- Born: 29 January 1885 College Street, Carlow, Ireland
- Died: 6 June 1951 (aged 66) Clonskea Hospital, Dublin
- Occupations: Poet, actor, playwright

= Val Vousden =

Val Vousden or Bill MacNevin (29 January 1885 – 6 June 1951) was an Irish actor, poet, and playwright.

==Early life and family==
Bill MacNevin was born William Francis Maher MacNevin on 29 Jan 1885 on College Street, Carlow, he was later known by his stage name Val Vousden. His mother, Eliza Maher, was a teacher in St Joseph's National School. He debuted on stage in 1891 as Tiny Tim in A Christmas Carol in Carlow Town Hall, going on appear in small productions under the guidance of Julia Kelly. He was schooled in the local Christian Brothers National School and Mungret College, Limerick, before joining the Royal Engineers as a clerk in 1904. He left the Engineers in 1905, being discharged on medical grounds, going on to join a drama troupe which toured Ireland and England, performing under the name Bartley Hynes. He returned to Carlow in 1910 to appear in the Deighton Hall on Burrin Street in Penny Readings. He later produced a sketch, Art and Laughter, in the Town Hall. He left again to tour with Carrickford Repertory Company until 1914. Vousden joined the army in 1914 at the outbreak of World War I, serving in France and rising to the rank of Regimental Sergeant Major of the Welsh Regiment. He married fellow actress, Pearl O'Donnell, touring the country performing together. The couple had three daughters, Sheila, Mona and Patricia.

==Acting career==
Returning to Ireland, he joined Roberto Lena's company in Newbridge and then acted for a season with the Queens in Dublin, by which time he was using the stage name Val Vousden after 19th century Irish entertainer Valentine Vousden. For the next three years he was with the O'Brien and Ireland Company, working with May Craig and Peadar Kearney.

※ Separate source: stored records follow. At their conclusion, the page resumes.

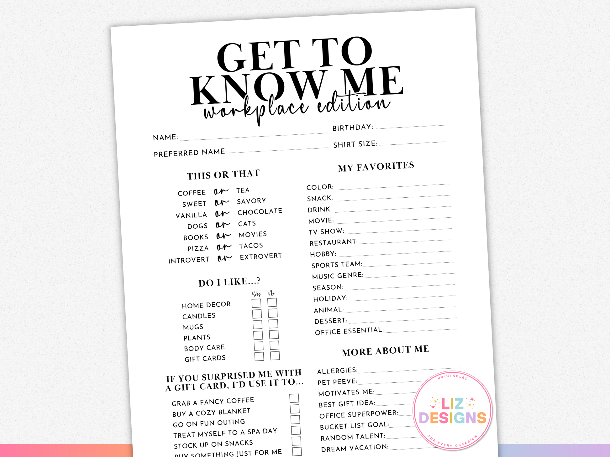 π Get to Know Me Questionnaire (Workplace Edition) Printable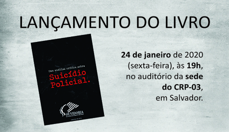 Nesta sexta-feira (24), o Conselho Regional de Psicologia da Bahia (CRP-03) discute os possíveis fenômenos envolvidos no sofrimento psíquico de policiais e dificuldades relacionadas à atenção em saúde mental, durante o lançamento do livro “Uma análise crítica sobre suicídio policial”. O evento, com entrada gratuita, será realizado na sede do CRP-03, em Salvador (Rua Professor Aristides Novis, 27, Federação) às 19h, com transmissão on-line por meio redes sociais da organização.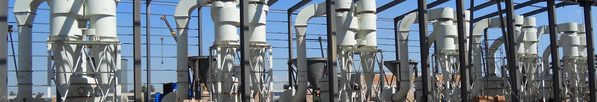大塊物料經(jīng)顎式破碎機(jī)破碎到所需粒度后,由提升機(jī)送至儲料斗,再由皮帶機(jī)將物料均勻定量連續(xù)地送入2臺MTW175歐版磨的主機(jī)磨室內(nèi)進(jìn)行研磨。粉磨后的物料被風(fēng)機(jī)氣流送入選粉機(jī)進(jìn)行分級,在選粉機(jī)葉輪的作用下,不符合細(xì)度要求的物料落入磨室內(nèi)重新碾磨,合格的物料則經(jīng)空氣斜槽進(jìn)入旋風(fēng)集粉器內(nèi),進(jìn)行分離收集,經(jīng)排料裝置排出即為成品粉體。
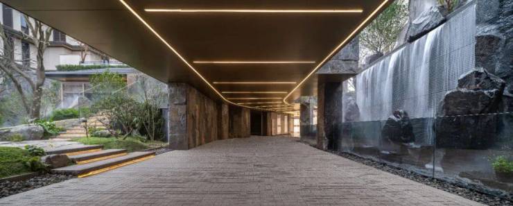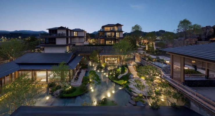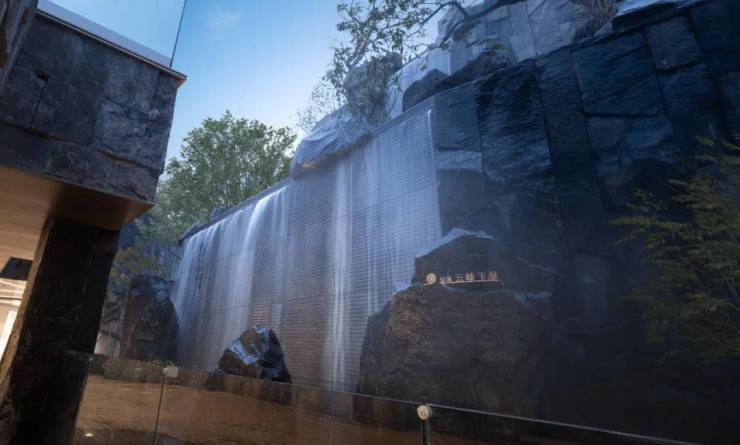 景观特色:项目背靠仁湖、依山而建,引千年仁湖水入中心水院,打造媲美雪窦山飞瀑的震撼视听效果;以宋代范宽名画《溪山行旅图》为底,打造 “寻溪七行” 之境。
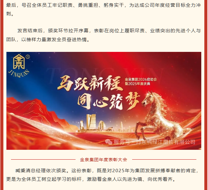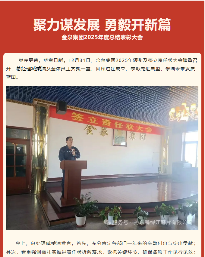 鸭绿江磨片:聚力谋发展 勇毅开新篇--颁奖及签立责任状大会 丹东鸭绿江磨片有限公司

After the advent of radio broadcasting in Ireland, Vousden presented the first light entertainment show, being a regular contributor to Irish radio until his death. He taught elocution lessons in a number of schools and colleges. He wrote a number of plays, sketches, and poems published as a volume entitled Recitations, Monologues, Character Sketches and Plays, and wrote his autobiography, Val Vousden's Caravan. Vousden regularly acted as part of the Abbey Players in the Abbey Theatre. He acted in a number of films, including Irish Destiny (1926), Captain Boycott (1947), Odd Man Out (1947), and Uncle Nick.

==Later life and legacy==
Vousden died on 6 June 1951 in Clonskea Hospital, Dublin, and was buried in Glasnevin Cemetery. The 50th anniversary of his death was marked 9 June 2004 in the Carlow County Library.